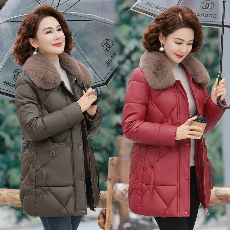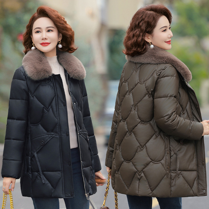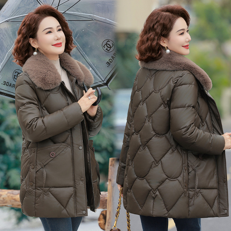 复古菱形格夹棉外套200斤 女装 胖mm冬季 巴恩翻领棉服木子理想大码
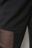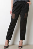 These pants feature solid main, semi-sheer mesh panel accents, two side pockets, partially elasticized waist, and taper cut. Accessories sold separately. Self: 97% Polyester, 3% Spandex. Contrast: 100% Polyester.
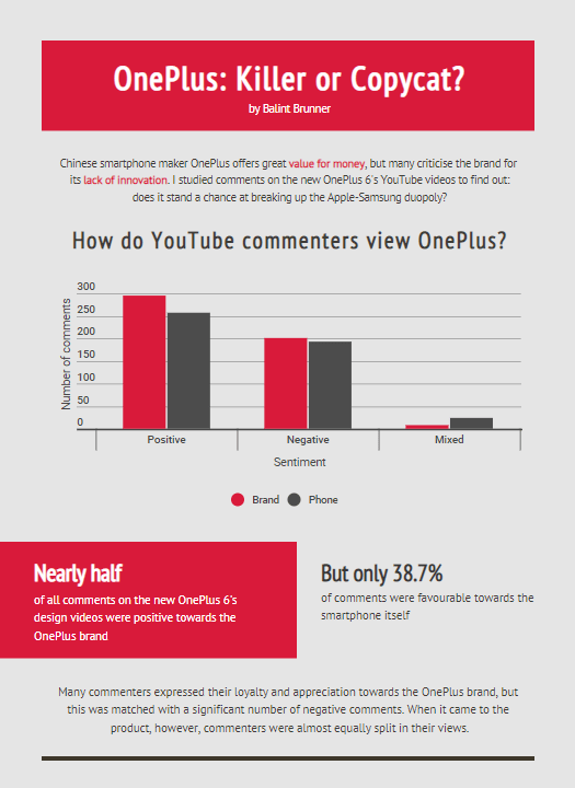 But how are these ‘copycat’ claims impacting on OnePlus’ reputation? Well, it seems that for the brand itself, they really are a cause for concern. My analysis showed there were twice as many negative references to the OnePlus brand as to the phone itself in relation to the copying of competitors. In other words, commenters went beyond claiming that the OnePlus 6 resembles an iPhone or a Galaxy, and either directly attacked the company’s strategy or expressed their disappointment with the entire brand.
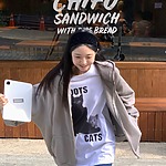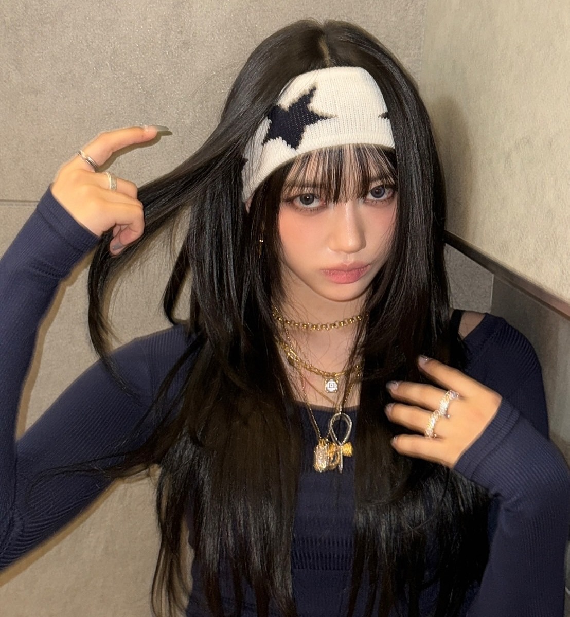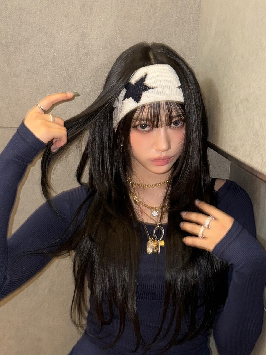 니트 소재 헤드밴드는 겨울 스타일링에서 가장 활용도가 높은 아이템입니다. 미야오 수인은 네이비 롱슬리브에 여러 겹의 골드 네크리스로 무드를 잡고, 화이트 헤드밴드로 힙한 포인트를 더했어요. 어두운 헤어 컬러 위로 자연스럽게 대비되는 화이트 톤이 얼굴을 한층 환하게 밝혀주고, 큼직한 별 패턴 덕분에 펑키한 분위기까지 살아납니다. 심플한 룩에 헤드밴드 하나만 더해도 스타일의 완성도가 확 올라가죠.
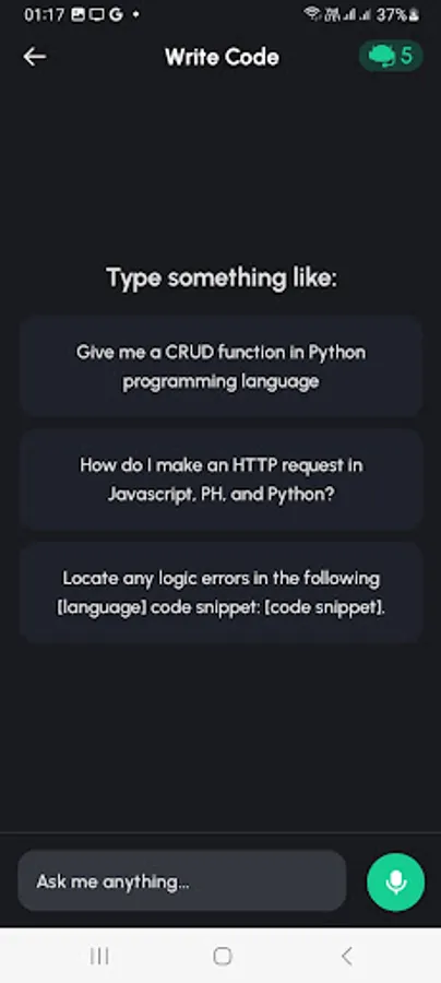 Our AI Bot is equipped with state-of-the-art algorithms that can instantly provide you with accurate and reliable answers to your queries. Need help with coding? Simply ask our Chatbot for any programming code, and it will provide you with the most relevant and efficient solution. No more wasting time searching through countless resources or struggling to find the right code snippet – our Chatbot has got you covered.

EXERCISE
Exactly as written, return each line above and leave the pictures behind.

ANSWER TO THE PROBLEM
 复古菱形格夹棉外套200斤 女装 胖mm冬季 巴恩翻领棉服木子理想大码
 These pants feature solid main, semi-sheer mesh panel accents, two side pockets, partially elasticized waist, and taper cut. Accessories sold separately. Self: 97% Polyester, 3% Spandex. Contrast: 100% Polyester.
 But how are these ‘copycat’ claims impacting on OnePlus’ reputation? Well, it seems that for the brand itself, they really are a cause for concern. My analysis showed there were twice as many negative references to the OnePlus brand as to the phone itself in relation to the copying of competitors. In other words, commenters went beyond claiming that the OnePlus 6 resembles an iPhone or a Galaxy, and either directly attacked the company’s strategy or expressed their disappointment with the entire brand.
 니트 소재 헤드밴드는 겨울 스타일링에서 가장 활용도가 높은 아이템입니다. 미야오 수인은 네이비 롱슬리브에 여러 겹의 골드 네크리스로 무드를 잡고, 화이트 헤드밴드로 힙한 포인트를 더했어요. 어두운 헤어 컬러 위로 자연스럽게 대비되는 화이트 톤이 얼굴을 한층 환하게 밝혀주고, 큼직한 별 패턴 덕분에 펑키한 분위기까지 살아납니다. 심플한 룩에 헤드밴드 하나만 더해도 스타일의 완성도가 확 올라가죠.
 Our AI Bot is equipped with state-of-the-art algorithms that can instantly provide you with accurate and reliable answers to your queries. Need help with coding? Simply ask our Chatbot for any programming code, and it will provide you with the most relevant and efficient solution. No more wasting time searching through countless resources or struggling to find the right code snippet – our Chatbot has got you covered.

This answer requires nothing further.